Este concepto cabe en dos palabras: sostenimiento-integridad. A los clientes


les encanta confirmar, corroborar que hicieron la elección correcta, que vale
la pena volver o quedarse, porque la sucesión de buenas impresiones y
experiencias se mantienen en el tiempo, no dan la vuelta, no se desgastan.
Existe cierta clase de atención que yo denomino “lunamielera”. Eso significa
que al cliente nuevo se le brindan todos los halagos en un corto, cortísimo
período de tiempo para luego caer, poco a poco o súbitamente, en un trato
de segunda o tercera clase.

Séptimo derecho: El cliente tiene derecho a ser atendido (y


comprendido) por personal experto.

Cuántas veces no nos hemos preguntamos, al salir de un negocio: Caray, ¿a


quién se le habrá ocurrido poner a estas personas a atender a los clientes?
Esto, a su vez, suscita una pregunta obvia: ¿Por qué, siendo tan estratégicos
y esenciales el trato con el cliente, la atención directa y el servicio de calidad
para el crecimiento y la prosperidad de cualquier negocio, es tan frecuente
encontrarse con personas mal dirigidas, mal remuneradas, mal motivadas y
mal entrenadas realizando esas tareas? Es un contrasentido, una carencia de
la que ni ciertas empresas con alto nivel de posicionamiento parecen salir
bien libradas. Las causas son múltiples, pero el hecho es innegable: no
abundan los casos en que los clientes tienen una percepción altamente
favorable en relación con el nivel de atención que reciben y la capacidad que
demuestran tener los empleados en proporcionarles respuestas y soluciones
satisfactorias.

Octavo derecho: El cliente tiene derecho a esperar y a obtener


soluciones prontas.

El silencio sepulcral y el abuso de la posición dominante son los primeros


actos disuasivos e intimidatorios de una empresa que siente que
determinado cliente la está empujando a entrar en terreno hostil.
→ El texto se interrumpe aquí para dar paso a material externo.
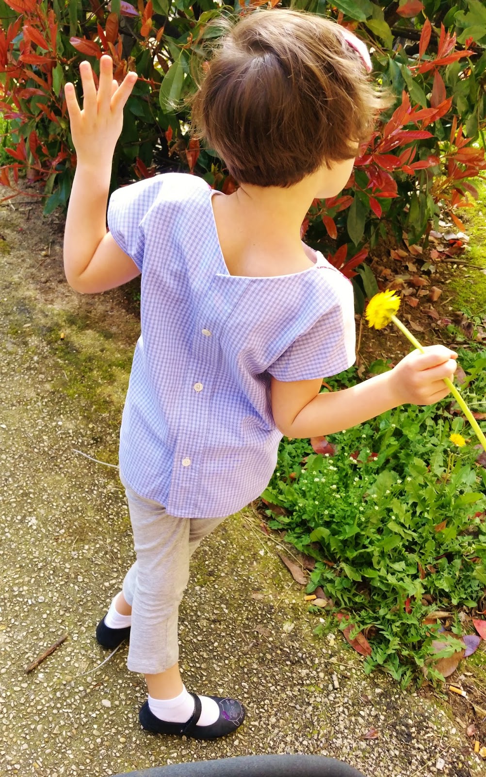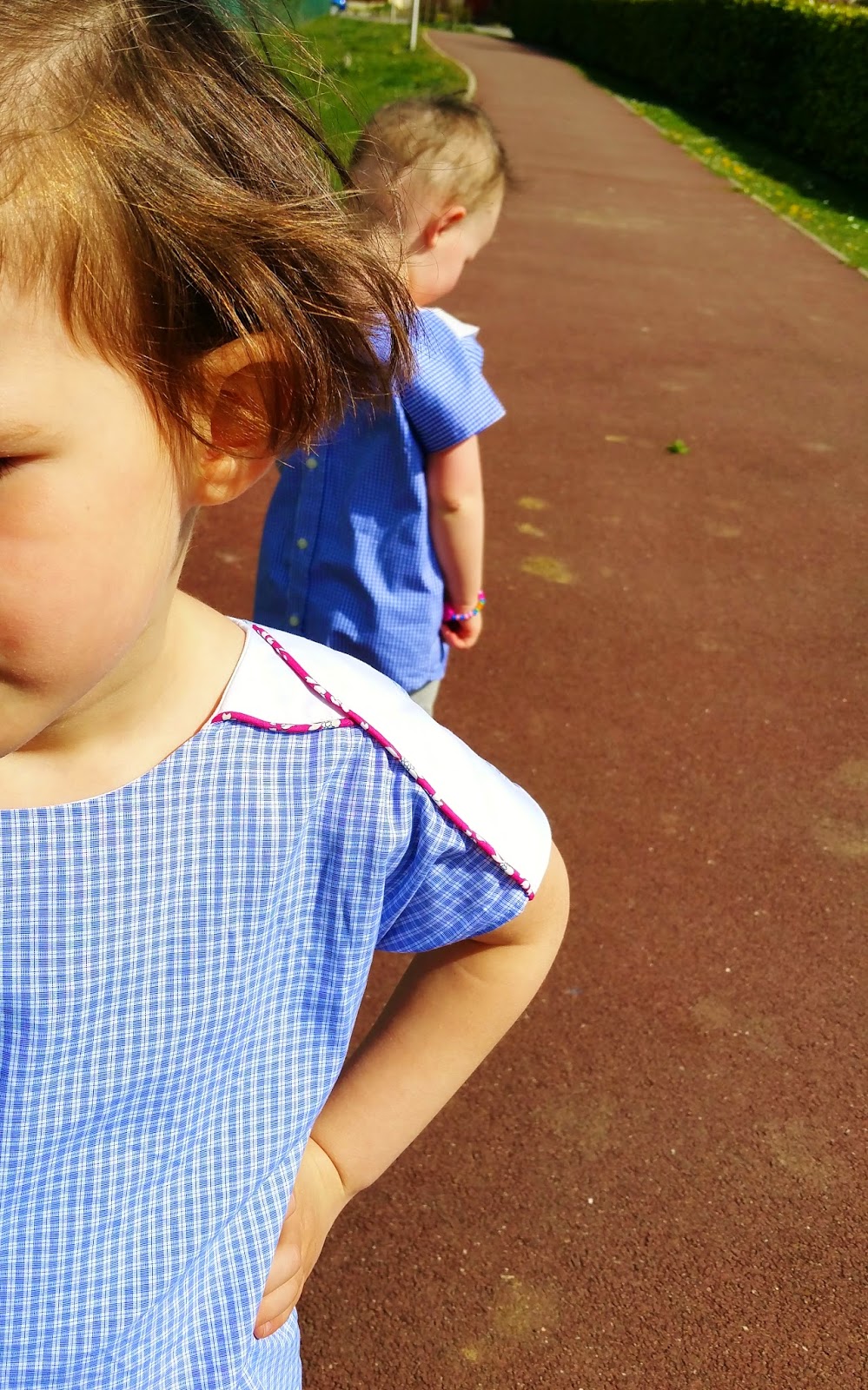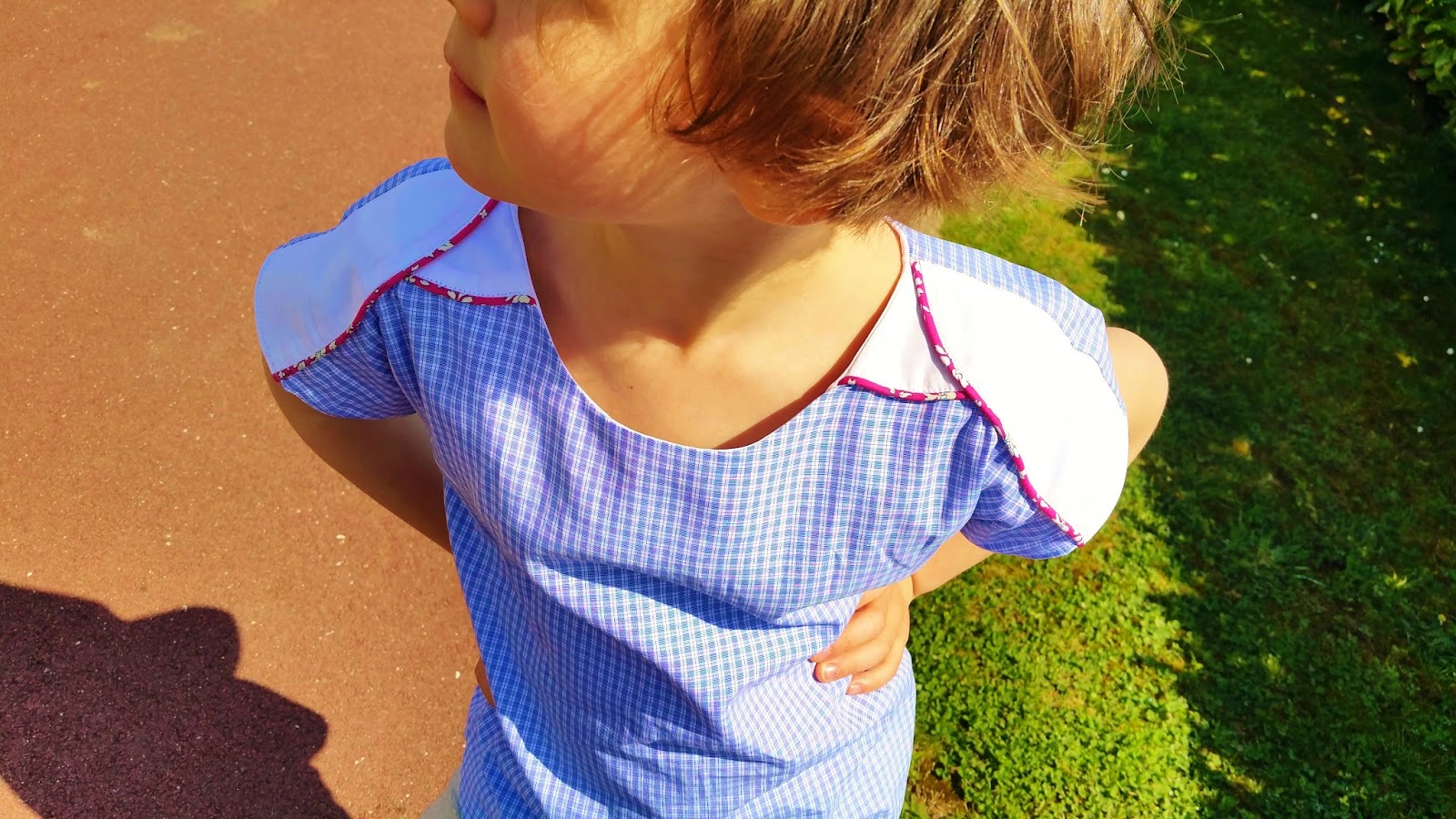 La looooose !!Bon, j’exagère hein mais c’est un peu ça …En fait le trop top c’est LE patron à avoir absolument!! C’est pas compliqué, à lui seul il vous remplit la garde robe de vos rejetons en un rien de temps! Et impossible de deviner que toutes les versions proposées proviennent du même patron!!Pour le découvrir je vous invite à cliquer ICI J’ai rapidement craqué pour sa version B et son adorable V dans le dos….Au hasard de ma montagne de chutes de tissu, j’ai retrouvé une chemise de mon mari, déjà découpée, et je me suis vite rendue compte que toutes les pièces rentrait! j’avais oublié l’avantage de coudre petit… Du coup ni une ni deux, j’en ai piqué une seconde!Aujourd’hui, je vous propose donc de découvrir deux versions B : l’une avec un col Claudine et l’autre avec les épaules pétales!

Eso se
traduce algo como esto: “Desista… Usted no es nadie; usted es tan sólo un
cliente indeseable, sólo eso y nada más que eso”. Además de abonar el
terreno para disputas y reclamaciones legales con procedimientos absurdos
—que claramente atentan contra los intereses del cliente—, algunas
empresas persisten en el error de no implementar estrategias conciliatorias
y compensatorias que les permitan salir pronto de la situación de conflicto.
Acuden al litigio, al pugilato, y no a otras modalidades jurídicas que han
demostrado ser mucho más prácticas y eficaces.

Noveno derecho: El cliente tiene derecho a ser defendido hasta por


la misma empresa.

Un estado con instancias reguladoras activas, inquisitivas y fuertes es la


mejor garantía de calidad y cumplimiento para los clientes en un contexto
amplio de economía de libre mercado. Ahora bien, la figura del defensor del
cliente, nombrado para tal fin dentro de las mismas empresas, es una
solución acertadísima e inteligente para mantener e incrementar la confianza
del cliente en los procedimientos y las actuaciones de las compañías, sólo
que un despacho como este debe ganarse la credibilidad de quienes dice
representar, o de lo contrario se convertirá en otro montaje más para eludir
sus responsabilidades ante ellos.

Décimo derecho: El cliente tiene derecho a relajarse, a sentirse


cómodo.

A los clientes les encanta ingresar a lugares o ambientes donde perciba que
está cómodo y seguro. A los clientes les fascina detectar que alguien ha
dispuesto todo de tal modo —desde el tapete de la entrada hasta la
despedida del portero del estacionamiento— que no les impida detenerse a
pensar en su familia, en su próximo viaje, en sus compromisos de esa
semana o en su trabajo. A los clientes les fascina la sensación cosquilleante
de notar que personas sensibles, cordiales, serias y muy profesionales
desean demostrarles, ese día y el año venidero, que se han hecho y se
harán cargo de todas sus necesidades.